COLLECTED DATA >>
^^^^

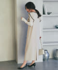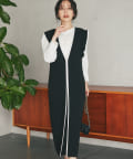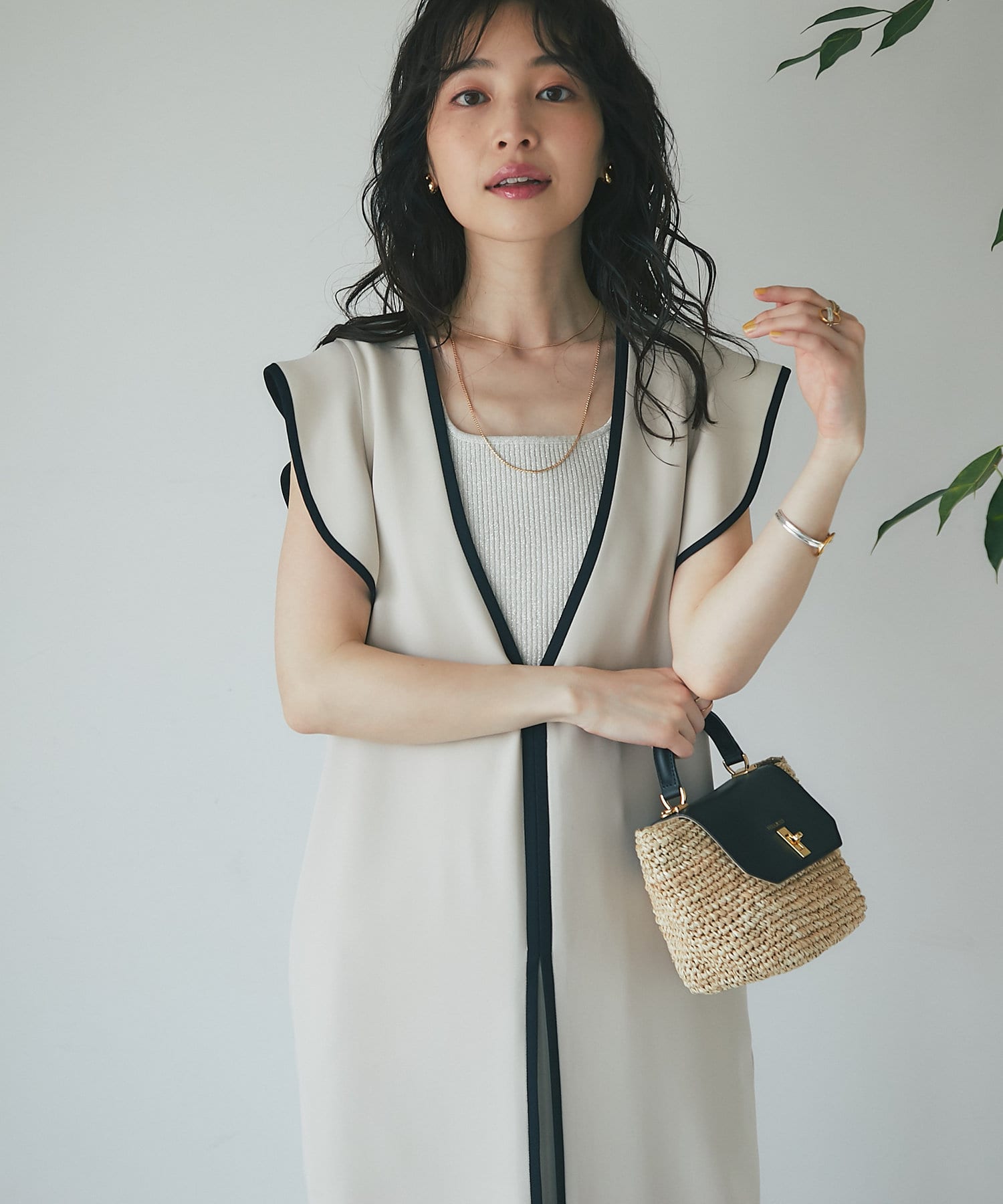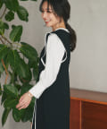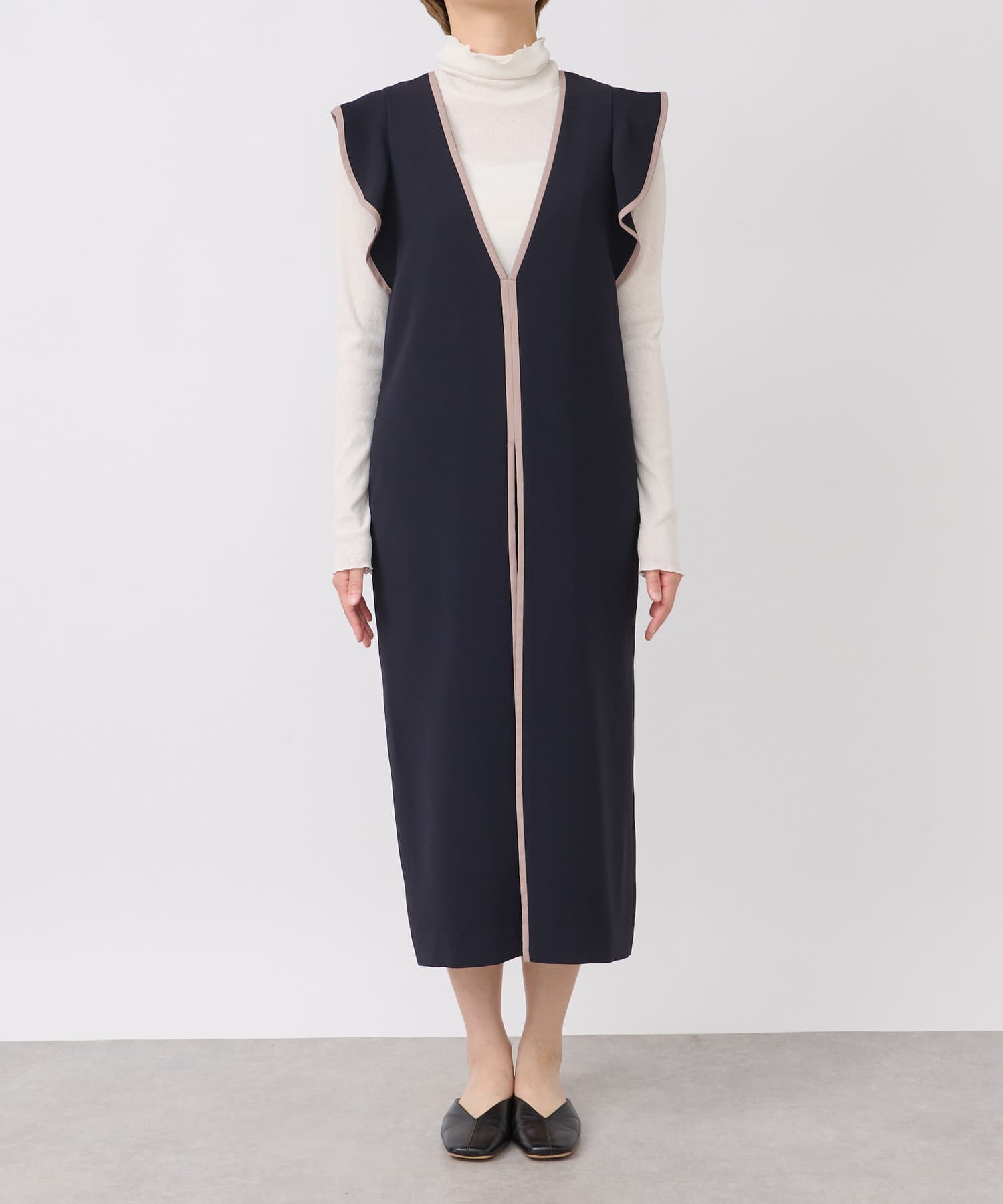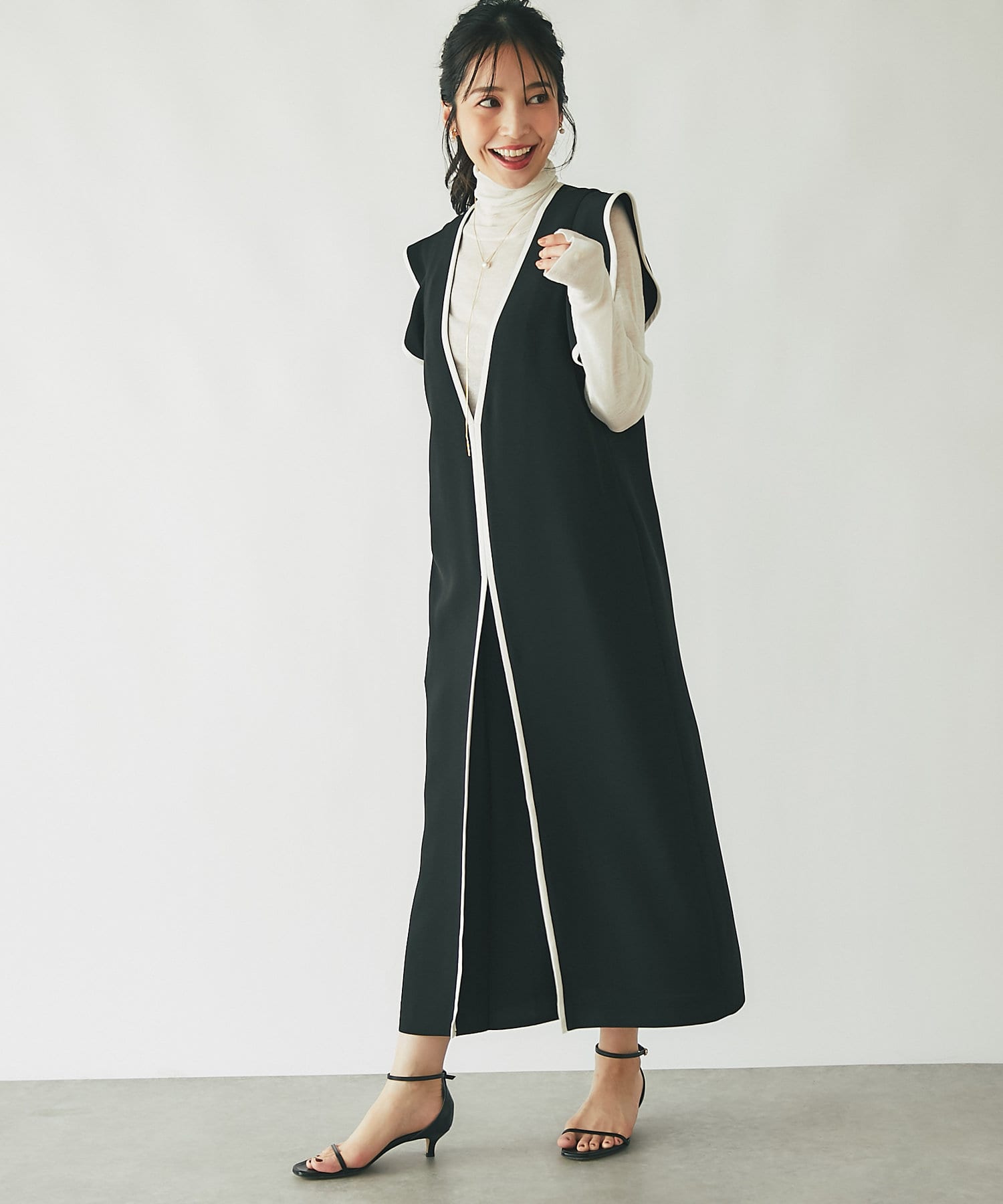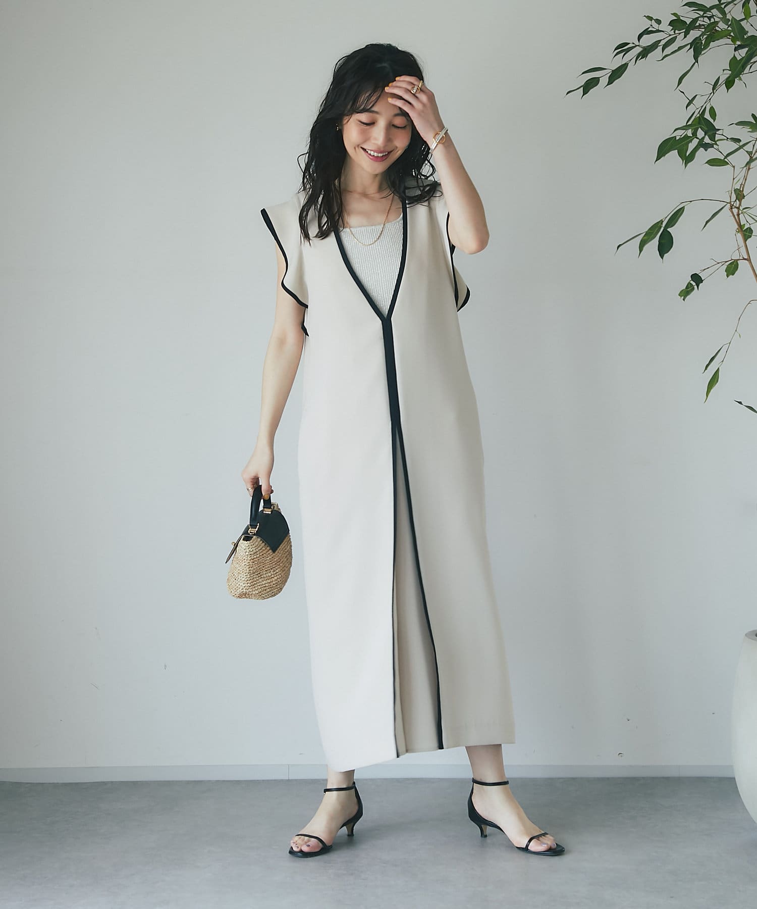 ☑深めのVネックとパイピングデザインですっきり見えが叶う。
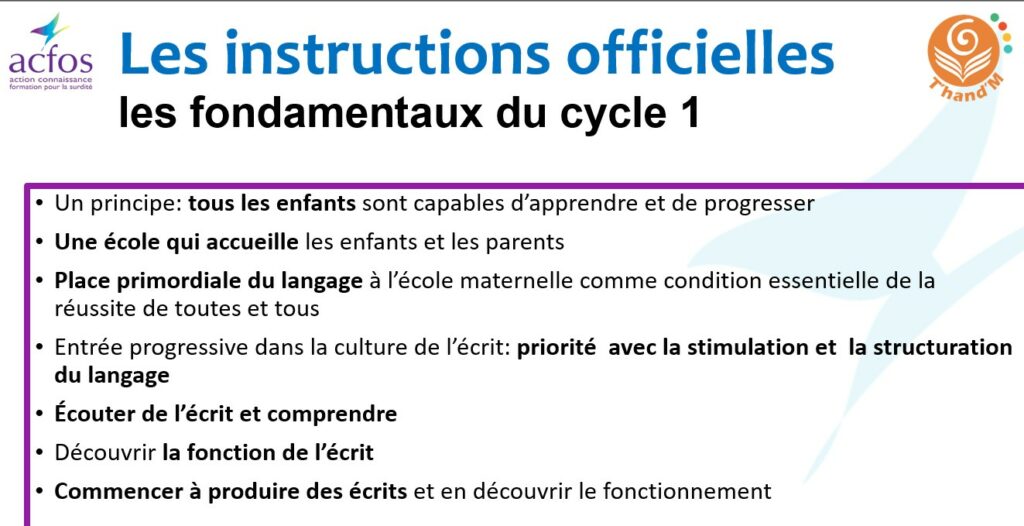 Figure 2 : les instructions officielles ; les fondamentaux du cycle 1 ; diapositive présentée au colloque
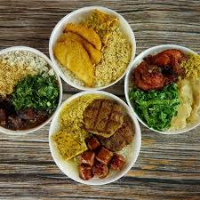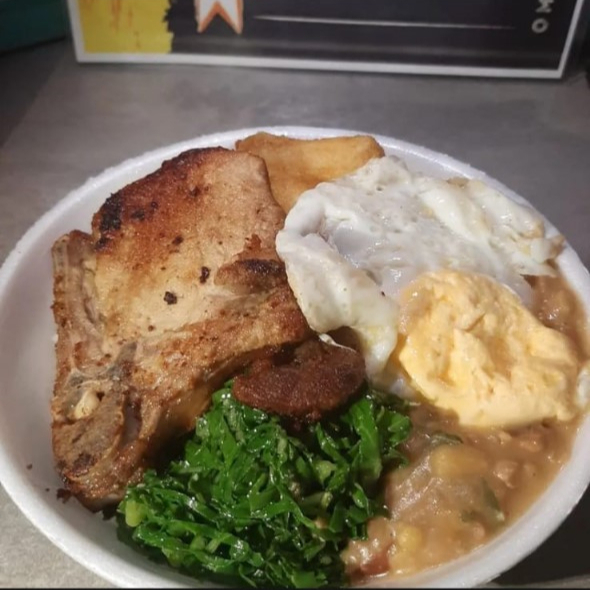 Arroz, Tutu de feijão, Couve refogada, Torresmo, Banana a milanesa, Bisteca frita , ovo frito

^^^^

EXERCISE >> Every line above should be duplicated exactly; the pictures are to be left out.

ANSWER BELOW >>
 ☑深めのVネックとパイピングデザインですっきり見えが叶う。
 Figure 2 : les instructions officielles ; les fondamentaux du cycle 1 ; diapositive présentée au colloque
 Arroz, Tutu de feijão, Couve refogada, Torresmo, Banana a milanesa, Bisteca frita , ovo frito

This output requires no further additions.